On Tuesday, as part of a joint U.S.-South Korean military exercise code-named “Key Resolve,” U.S. officials said a B-52 strategic bomber capable of carrying nuclear weapons flew over South Korea. On Wednesday, the U.S. Embassy in Seoul tweeted a photo of the bomber in the air.
North Korea’s state broadcaster issued the air raid alert at about 9:30 a.m. local time, telling civilians to take cover in bomb shelters and directing military units to undertake unspecified countermeasures in what appeared to be a simulcast with the military’s own cable-based broadcast network, analysts said.
The alert was lifted after one hour. Other state-controlled media outlets, such as the Korean Central News Agency and Chosun Central TV, did not report on the alert.
“This was the first use of the public radio system for broadcasting an air raid warning,” military intelligence analyst John McCreary said in an email to The Washington Times. “This was probably a no-notice drill in response to the U.S. announcement about B-52s operating over South Korea.”
Mr. McCreary said the alert was likely a test rather than a full-scale civil defense drill because it lasted only one hour, whereas a full-scale drill takes up to a full day in large cities.
“The use of a nationwide radio broadcast implies the North’s leaders expect they will need such a system at a time when people would be away from their homes … They expect the population to respond swiftly according to plan without advance warning. That is uncommonly realistic preparation,” Mr. McCreary said. “The B-52 announcement had effect.”
An anonymous officer at the South Korean Joint Chiefs of Staff told the Yonhap news agency that the alert was likely intended to underline for both the civilian population and the military that the country is engaged in an increasingly tense standoff.
The rhetorical temperature has been rising on both sides of the demilitarized zone that divides the two countries since the imposition earlier this month of tough new U.N. sanctions on North Korea in response to Pyongyang’s illegal nuclear test in February.

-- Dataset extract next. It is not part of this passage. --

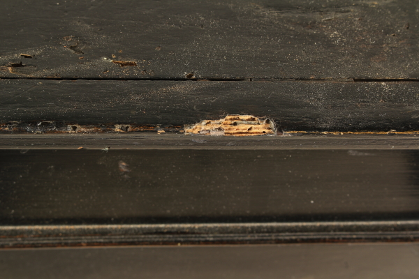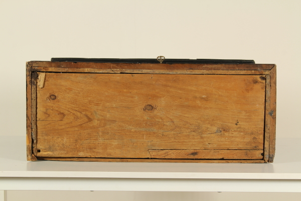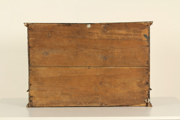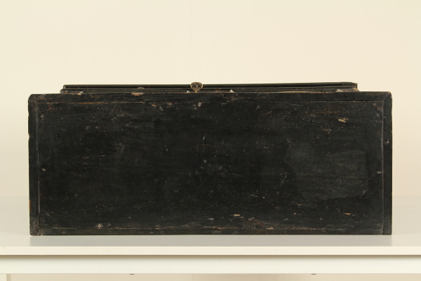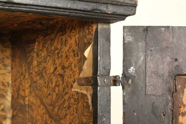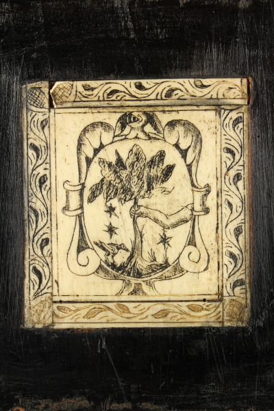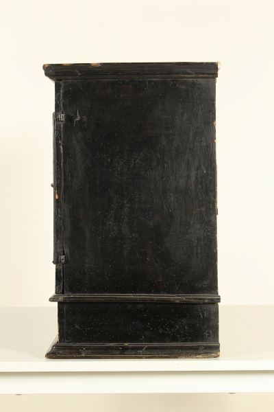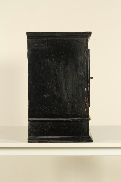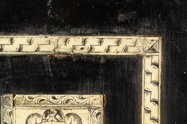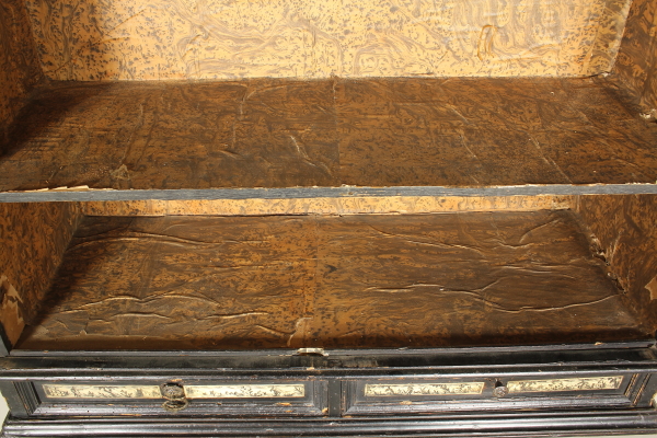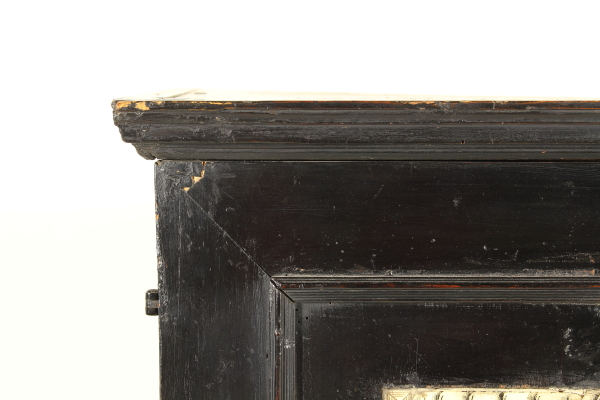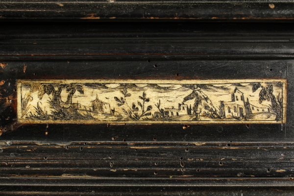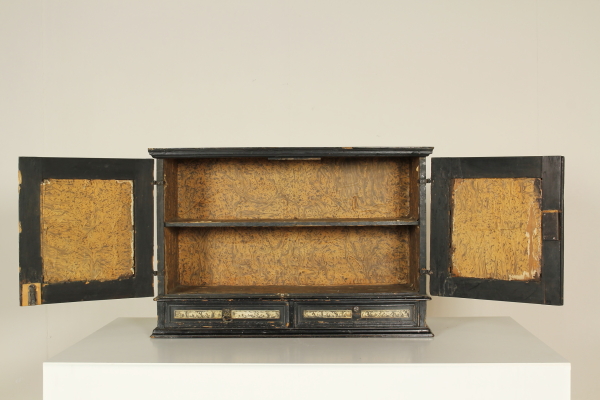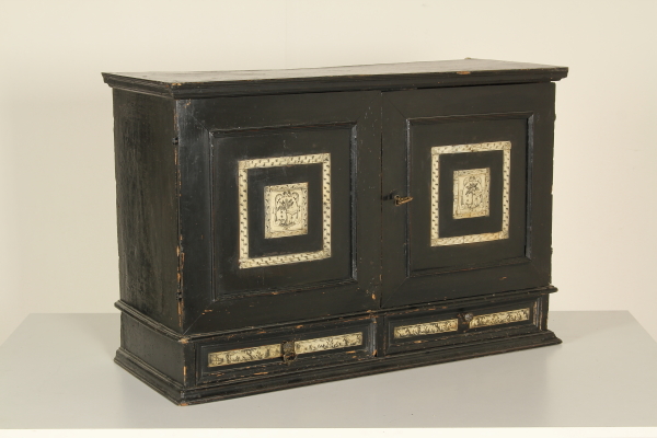 Stipo in noce ed abete a due ante a due cassettini ebanizzato sull'intera superficie. Intarsi a toppo in osso con incisioni di stemmi nobiliari e scene di vita.

A few days after the U.N. acted, the Key Resolve exercise got under way. Although the U.S. and South Korea have stressed the drill is defensive in nature, Pyongyang has condemned it as a rehearsal for an invasion.
The 10-day joint exercise, the first to be planned and carried out under the command of South Korean rather than U.S. forces, ended Thursday and a senior U.S. military official said it had been a success.
“This is the first major exercise that [South Korea’s Joint Chiefs of Staff] has planned and conducted. We did everything we needed to do for training. The opportunity to get together was excellent,” Lt. Gen. John Johnson, the 8th Army Commander, told Yonhap.
In recent months, North Korea has said it has scrapped the cease-fire that ended fighting in the Korean War in 1953, and cut off a hotline to South Korea. The secretive regime also has threatened a “pre-emptive” nuclear attack on the United States and noted that the U.S. mainland is within reach of its rockets.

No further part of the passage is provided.